- Opening Delimiter -
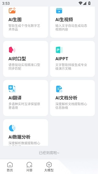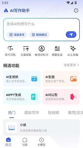 1、打开应用首页可见功能分区,包含核心写作模块和快捷入口
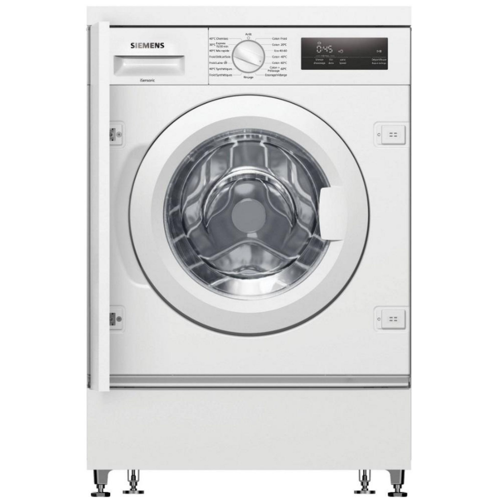 Siemens WI12W348FF Lave-linge iSensoric tout intégrable Siemens iQ500 WI12W348FF avec moteur iQdrive. speedPack L : accélérez vos programmes ou optez pour un lavage en 15 minutes seulement. Moteur induction iQdrive : efficace, silencieux, économe et garanti 10 ans. waterPerfect plus : des capteurs ultra-précis analysent la quantité de linge chargé et en déduisent la quantité d'eau nécessaire, au litre près. Tambour waveDrum pour un soin optimal des textiles. Eclairage tambour par LED : fini, les chaussettes oubliées au fond du tambour.
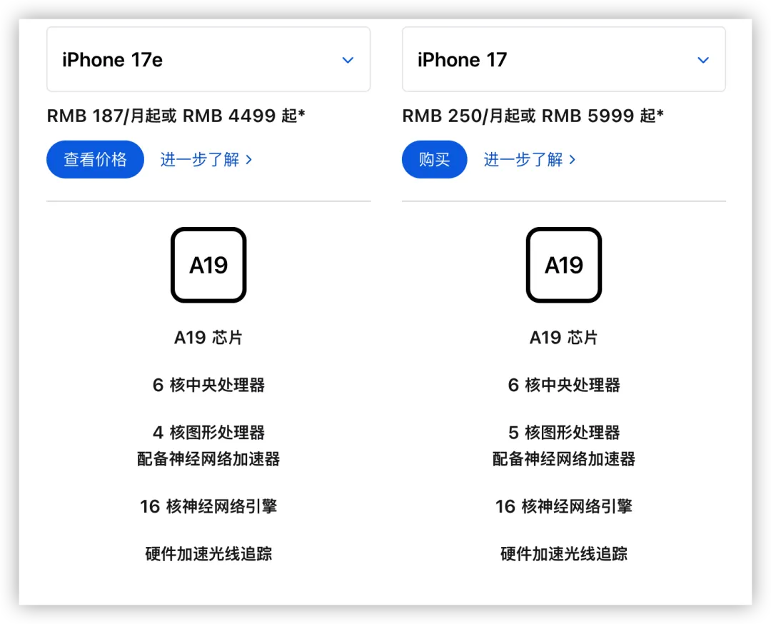 虽然苹果表示,iPhone 17e 搭载了 17 系列同代的 A19。
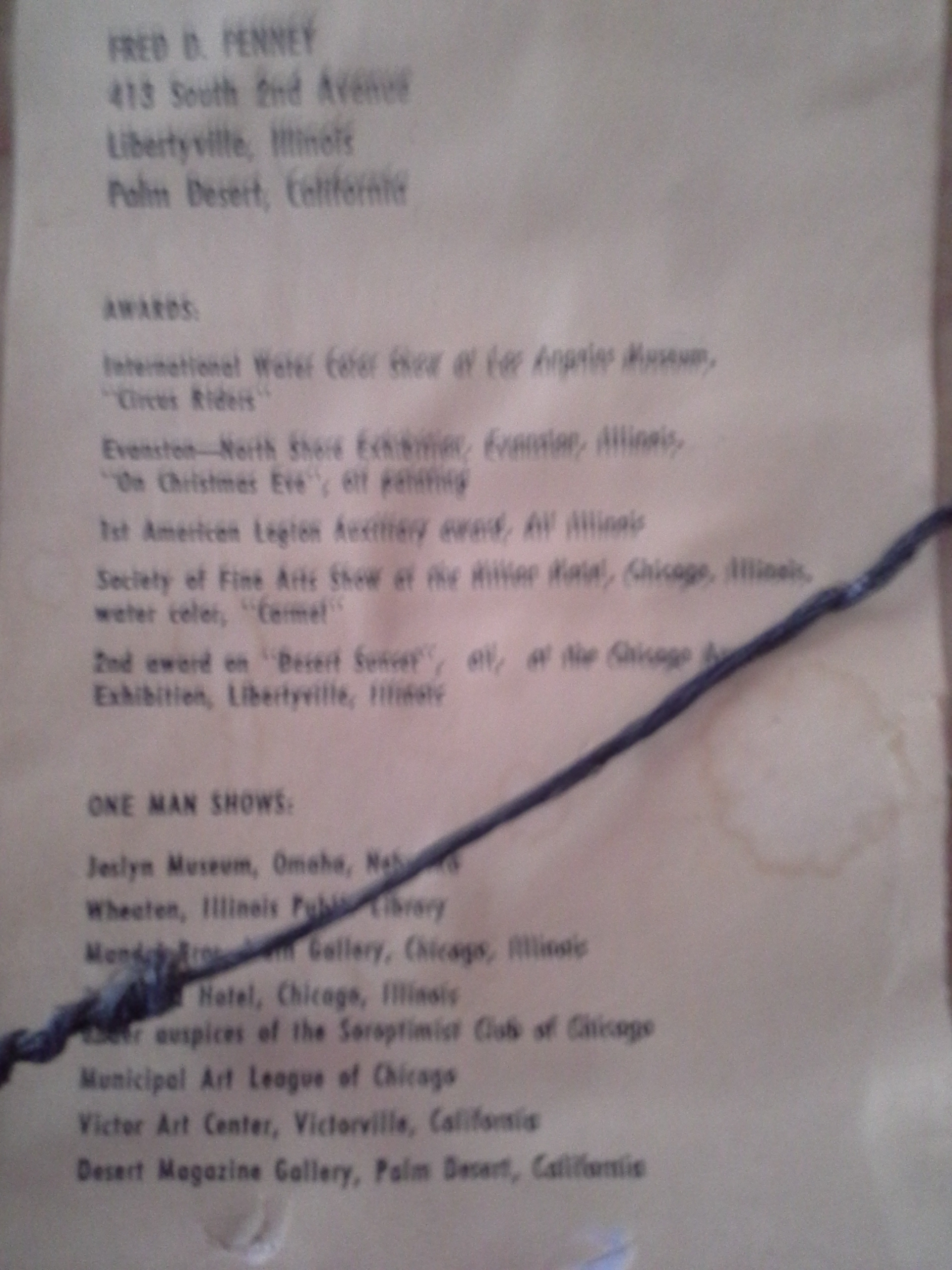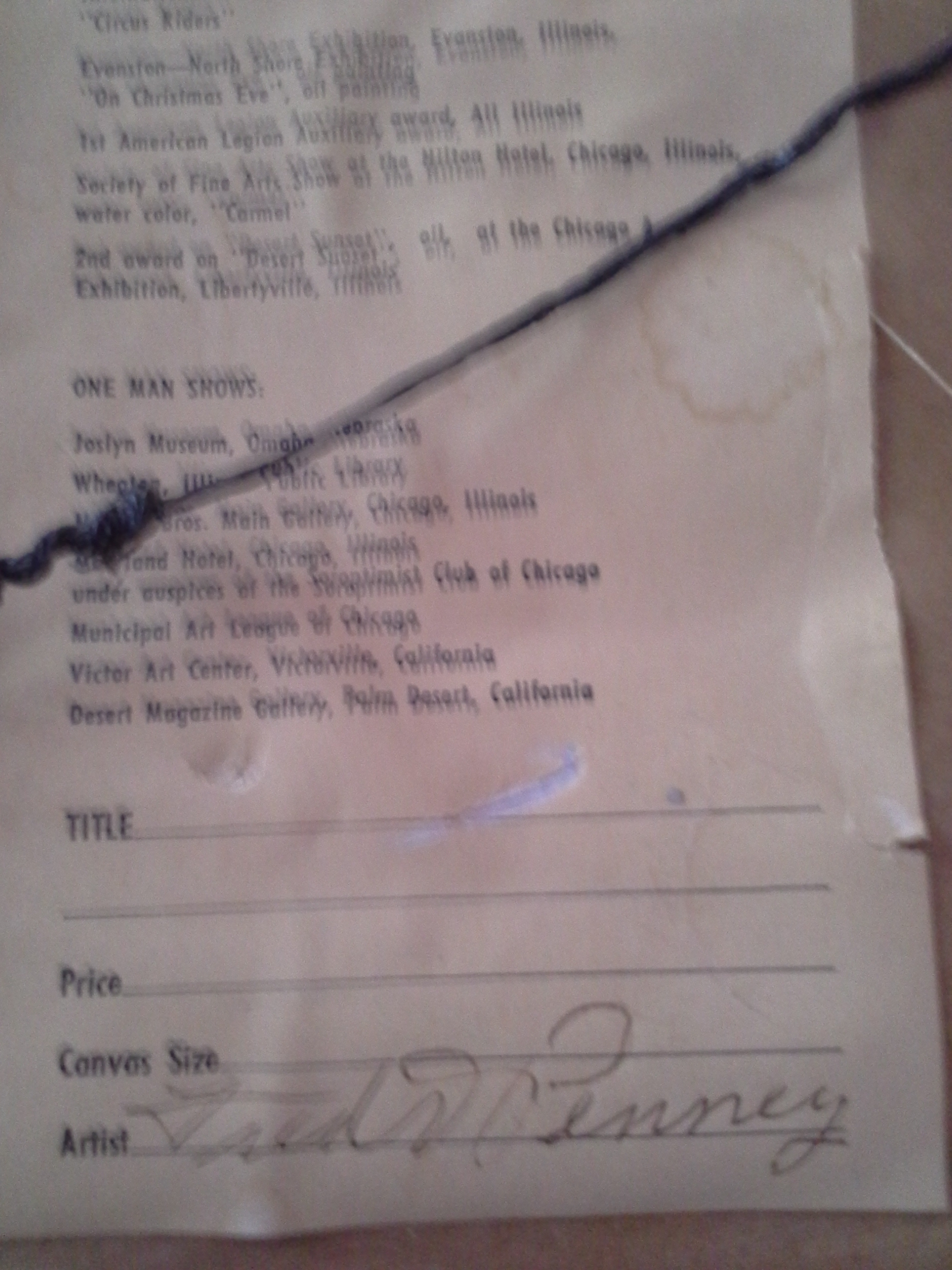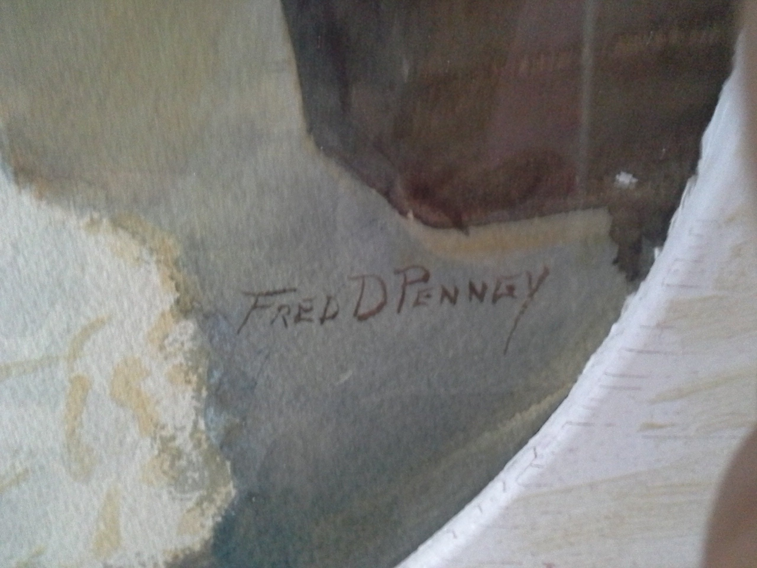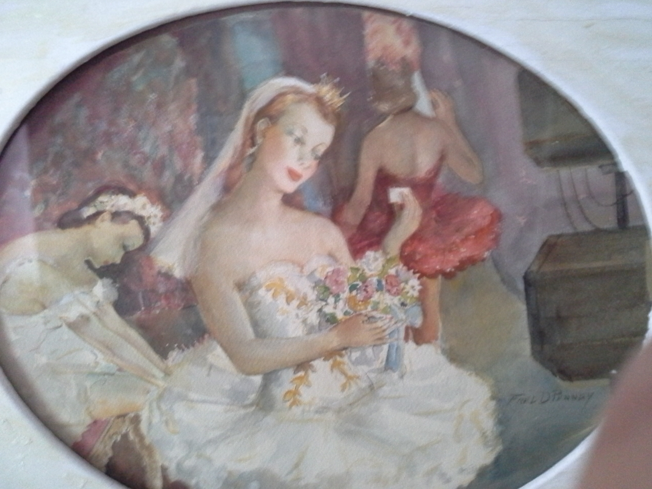 Oval watercolor of prima ballerina by Fred Penney in original frame. Frame has some carved corners missing and was painted white. The actual painting is oval shaped and the back contains a short biography of Penney and what appears to be a pencil artists signature...please see photos. Painting measures app. 20 inches at its widest. Frame measures 25" wide by 21" tall. Glass is intact, paper backing has been removed and taped. Please see photos of BACK of frame which has some issues but also depicts the original wood. I have done some research on the artist who passed away in 1988. I was raised in the Chicago suburbs and acquired this painting in the 1980's from a friend who received this from her grandfather, an apparent friend of the artist while he lived and worked in a northwest suburb of Chicago, Illinois. Any idea of the value?? Highly interested in any comments
- Closing Delimiter -
In the listing above, find the line with "Siemens WI12W348FF Lave-linge" and the line with "虽然苹果表示,iPhone 17e 搭载了 17 系列同代的 A19。". Copy exactly those two and every line between, without the pictures.

• EXERCISE RESULT:
 Siemens WI12W348FF Lave-linge iSensoric tout intégrable Siemens iQ500 WI12W348FF avec moteur iQdrive. speedPack L : accélérez vos programmes ou optez pour un lavage en 15 minutes seulement. Moteur induction iQdrive : efficace, silencieux, économe et garanti 10 ans. waterPerfect plus : des capteurs ultra-précis analysent la quantité de linge chargé et en déduisent la quantité d'eau nécessaire, au litre près. Tambour waveDrum pour un soin optimal des textiles. Eclairage tambour par LED : fini, les chaussettes oubliées au fond du tambour.
 虽然苹果表示,iPhone 17e 搭载了 17 系列同代的 A19。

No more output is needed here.